LLC. A limited liability company (LLC) is a common entity choice for real estate investors and offers many advantages. Choosing this structure for your real estate investment business allows you to limit your personal liability in the business to the money you contribute and the debts you co-sign for.

How long does it take to break even in real estate? ›

In the final step, the real estate investment payback period can be estimated by dividing the property value by the annual return, which implies that the time required by the commercial property to reach its break-even point and start generating a profit is approximately 8 years.

What is the rule of 72 in real estate? ›

Just take the number 72 and divide it by the interest rate you hope to earn. That number gives you the approximate number of years it will take for your investment to double.

How long to keep investment property before selling? ›

How long should I keep an investment property? Generally, it is best to wait at least a year after you purchase a property to sell it.

How long before a rental property is profitable? ›

Most of the time, you can get positive cash flow right from day one with your rental. Figuring out your profit for the year is a matter of taking how much rent comes in and subtract how much money goes out for expenses like taxes, insurance, and mortgage payments. What you're left with is your profit for the year.
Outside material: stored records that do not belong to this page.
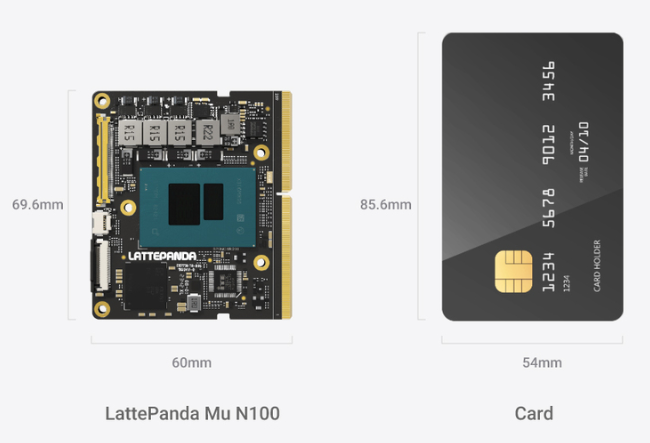 LattePanda Mu x86 计算模块的尺寸只有 69.6 毫米 x 60 毫米,非常小巧,可以集成到空间有限的设备中,在不占用空间的情况下提供强大的计算能力。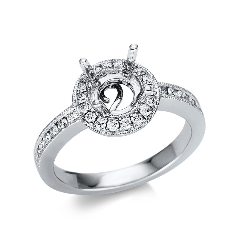 ring 18 kt WG, 30 diamonds 0,35 ct, G-si, mounting for 1x diamond 0,85 ct, width:53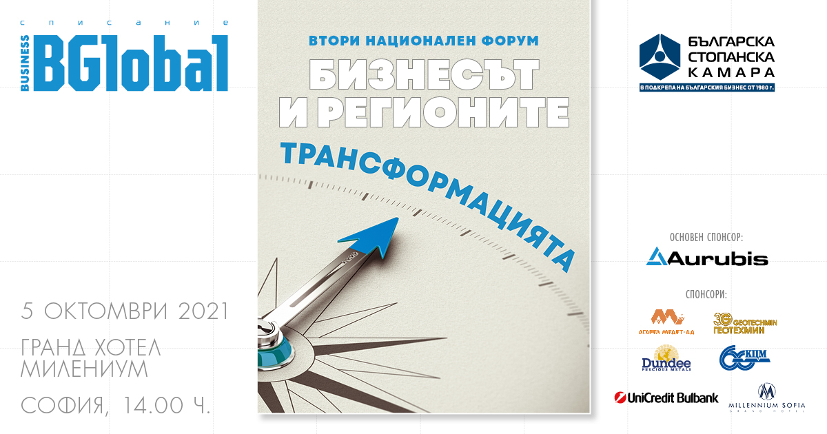 Българската стопанска камара (БСК) има удоволствието да Ви покани на конференцията „Бизнесът и регионите - Трансформацията", която ще се проведе на 5 октомври 2021 г., вторник, от 14,30 ч. в „Гранд хотел Милениум", София.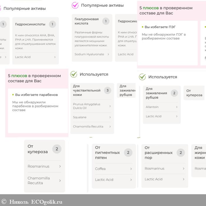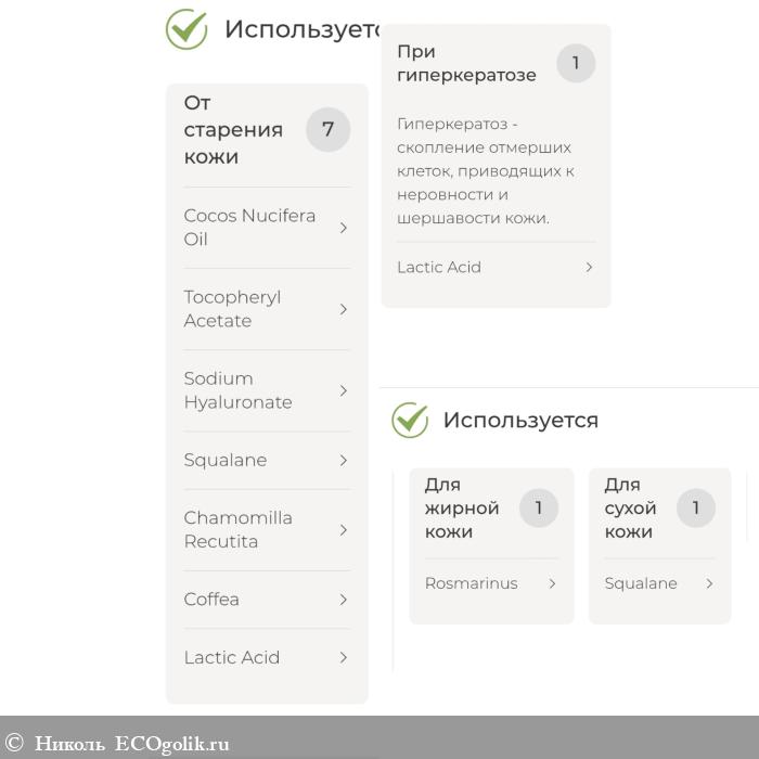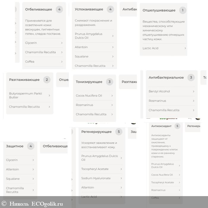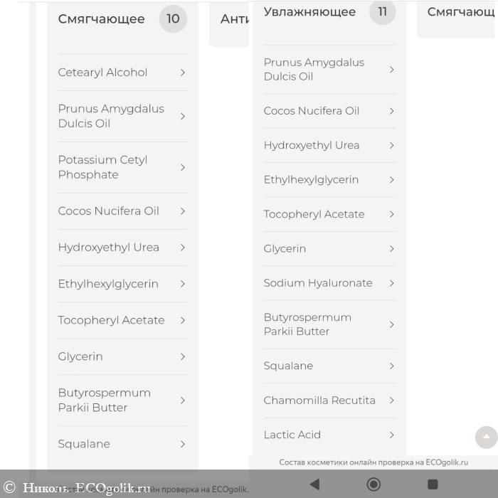 Прикреплю разбор компонентов по косметическому действию. Выявилось большое количество смягчающих и увлажняющих компонентов.

How long should I hold my investments? ›

Though there is no ideal time for holding stock, you should stay invested for at least 1-1.5 years. If you see the stock price of your share booming, you will have the question of how long do you have to hold stock? Remember, if it is zooming today, what will be its price after ten years?

How long should you leave an investment for? ›

Investing comes with risk, as the value of your investments can go down as well as up. If you decide to do it, it's recommended you invest for the long term (five years or more), as the longer you invest, the longer you have to ride out any bumps in the market.